Was quitting a frustrating situation worth giving up power and prestige? Roberto pressed him. Did Lavin have the will to create a new career? In both cases, the answer was yes.

"We have a pretty rigorous assessment process that helps people focus on the fundamentals: What really drives me? What would be my ideal life?" says Roberto, a managing partner at Essex Partners in Boston.

In Lavin's case, his longtime love of the Massachusetts seashore and an interest in art and architecture were the elements that steered him toward seaside real estate development, or as Lavin prefers to put it, "building beach houses that are works of art."

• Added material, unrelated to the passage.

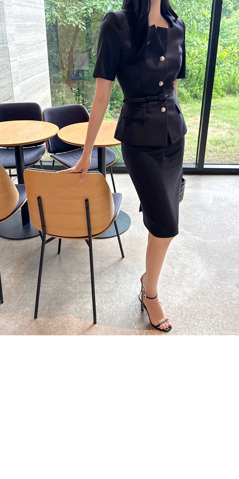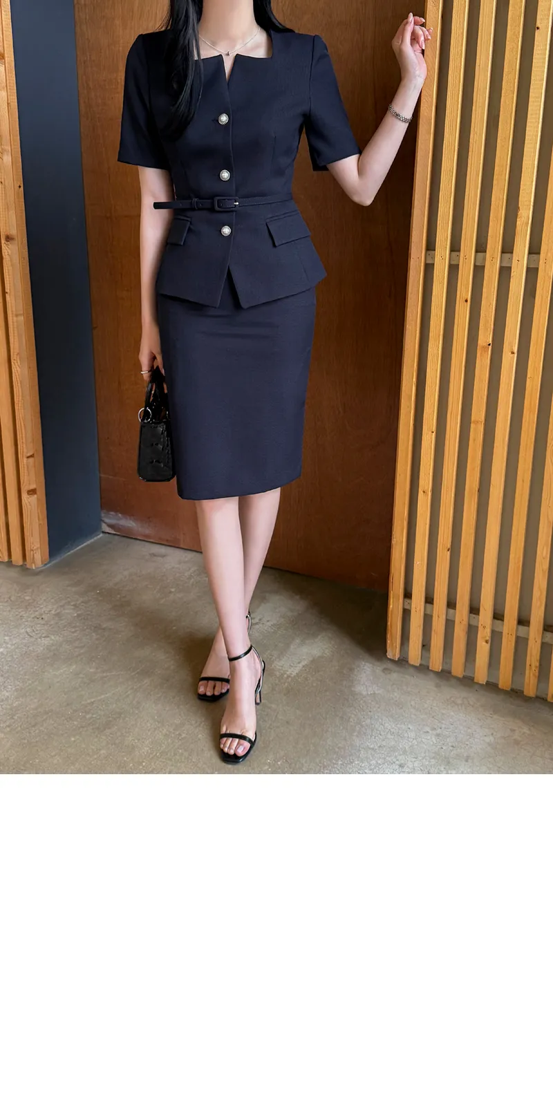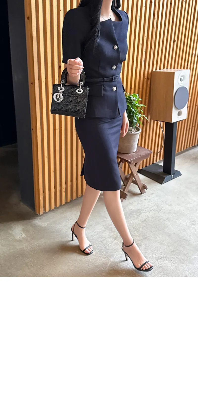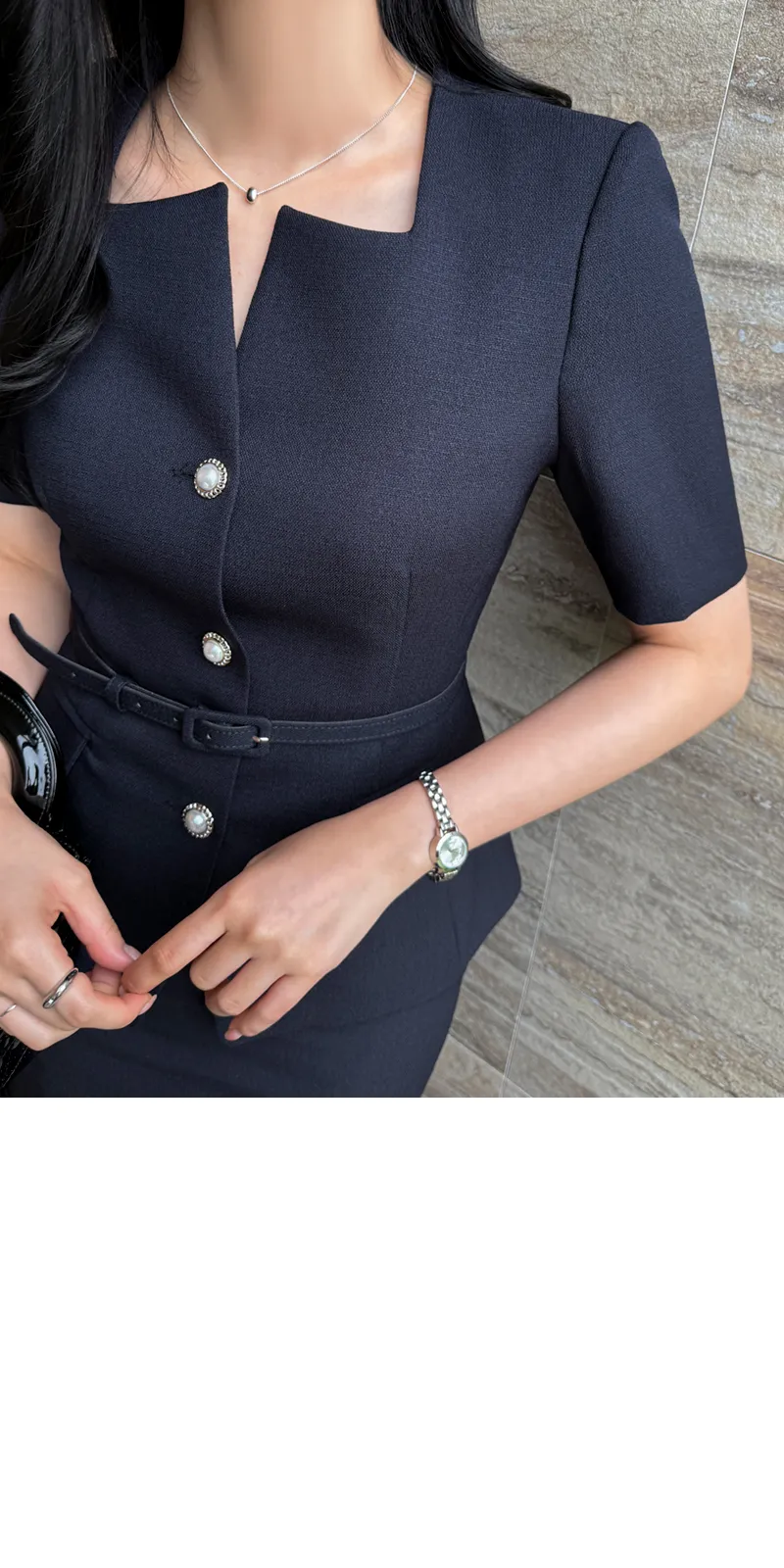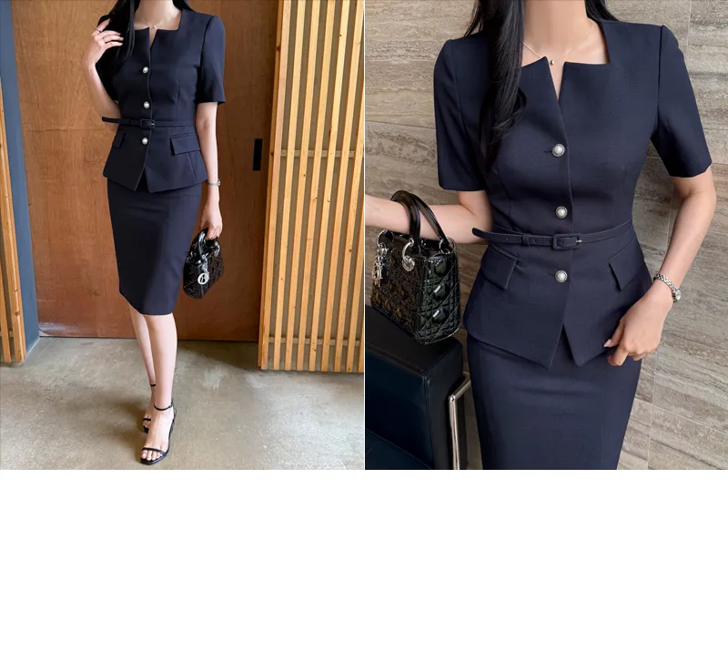 ツイードボタンラウンドネックノーカラーポケット肩パッドクロップド長袖フェイクポケットHライン(ロング丈)ヒドゥンジッパー無地ツーピース(トップス、ボトムス)スカートジャケット

His company, Goodheart Properties, is completing its second project, this one inside a national park. The career change was no day at the beach; Lavin had to learn the construction business from the ground up.

But he also brought some significant assets with him: His legal skills have been essential to securing various regulatory approvals, and his general management acumen has helped him deal with architects, engineers, surveyors, landscapers, and the myriad other members of his current team.

Lavin still meets with Roberto every six weeks or so, but he has no doubt he has found his calling: "I'm working as hard as I ever did, but I love what I do. I've recaptured all the old excitement I used to have about work."